The appellant contends that the last clause of § 1 of the amendatory act can have no application to actions by private parties for the reason that the title of the act is not broad or comprehensive enough to embrace that subject. In our opinion this contention must be sustained. Bal. Code, § 4807, as construed by this court embraces two separate and distinct subjects. First, a provision that the statute of limitations shall run against the state and its municipal subdivisions; and second, a provision that an action shall be deemed commenced when the complaint is filed, whether the action be instituted by the state or by private parties. The title of the *608amendatory act is broad enough to embrace the first of these subjects, but not the second. The first part of the title, viz., “An act relating to the defense of the statute of limitations in actions brought by or for the benefit of the state or any of its municipalities,” is clearly too narrow and restricted to admit of affirmative legislation fixing the time when an action by private • parties shall be deemed commenced. The remainder of the title; namely, “amending section 35 of the Code of Civil Procedure of Washington, of 1881, the same being section 4807 of Ballinger’s Annotated Codes and Statutes of Washington, and declaring an emergency,” is not of itself a sufficient title to an amendatory act. State ex rel. Seattle Elec. Co. v. Superior Court, 28 Wash. 317, 68 Pac. 957, 92 Am. St. 831, and cases cited.

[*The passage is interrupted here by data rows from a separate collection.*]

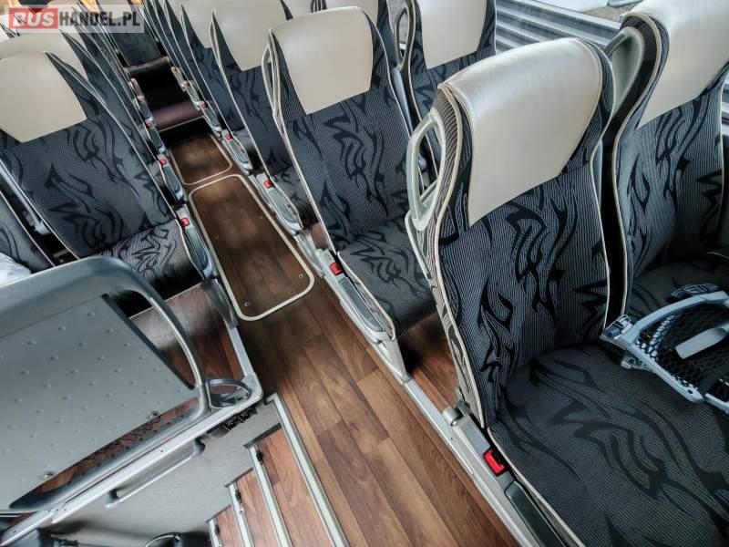 : video, WC, lodówka, caffebar, oświetlenie indywidualne, nawiewy dyszowe, siateczki, ABS, tempomat, retarder, telefon, nawigacja, CD, podnóżki, stoliczki, mikrofon, klimatyzacja, radio, rampa dla inwalidów, sejf, regulacja wysokości nadwozia, centralny zamek, podwójne szyby boczne, wspomaganie kierownicy, elektryczne lusterka, aluminiowe felgi, fotele odchylane i rozsuwane, DVD, ogrzewanie stacjonarne, ESP
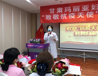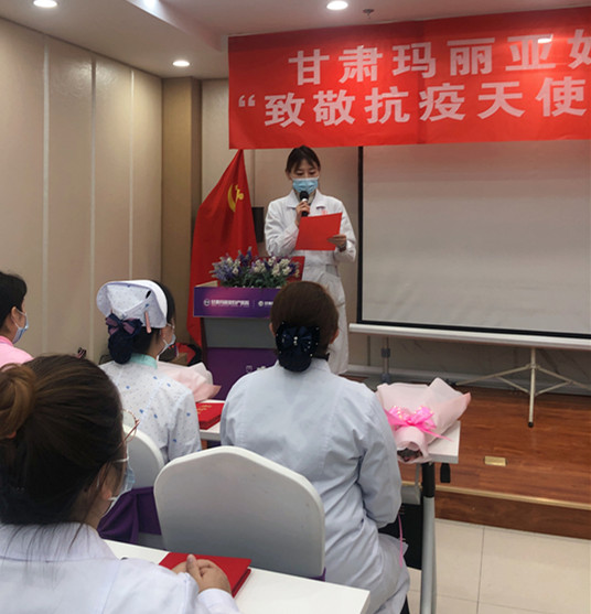 11月26日早上8点,甘肃玛丽亚妇产医院的一楼大厅里人员穿梭忙碌,一束束鲜花摆放在大厅里,大厅正中的紫色背景墙上悬挂着一条横幅,上面写着“欢迎抗疫一线的天使们胜利归来”。原来这是在准备着一个小型的欢迎仪式,欢迎医院驰援兰州市抗击新冠疫情一线的医护志愿者凯旋归来。
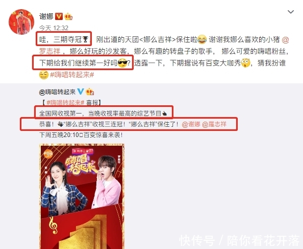 11月2日,综艺节目《嗨,唱起来》(Hi Sing Turn Up)的官方微博帖子显示,前三期获得了“连续三次收视率。谢娜也在微博上转发了这个好消息和好结果。其中,谢娜还高兴地说,该节目已经成为整个网络的电视收视冠军。她希望继续赢得冠军,并能在屏幕上感受到她的快乐和喜悦。

We are, therefore, of opinion that the act of 1903 does not fix the time when an action instituted by a private party shall be deemed commenced. But it does not follow from this that we have no statute on that subject other than-the practice act of 1893, which provides that civil actions shall be commenced by the service of summons and complaint. If the title to the amendatory act of 1903 is not broad enough to embrace a provision amending § 4807, supra, in so far as that section relates to the commencement of actions by private parties, the title is not broad enough to authorize a repeal of so much of § 4807 as relates to that subject. In other words, the title of the act of 1903 makes no reference to a repeal of other statutes, the body of the act contains no repealing clause, and an act relating to the defense of the statute of limitations in actions brought by or for the benefit of the state or any of its municipalities, cannot repeal by implication an act which fixes the time when actions by private parties shall be deemed commenced. If, therefore, the time when an action instituted by private parties shall be deemed commenced, within the meaning of the statute of limitations, is not fixed by the amendatory act of 1903, the provision of § 4807 fixing such time is still in full force and effect.

*609The demurrer was properly sustained, and the judgment is affirmed.

Gose, Fullerton, Chadwick, Mount, Crow, and Dunbar, JJ., concur.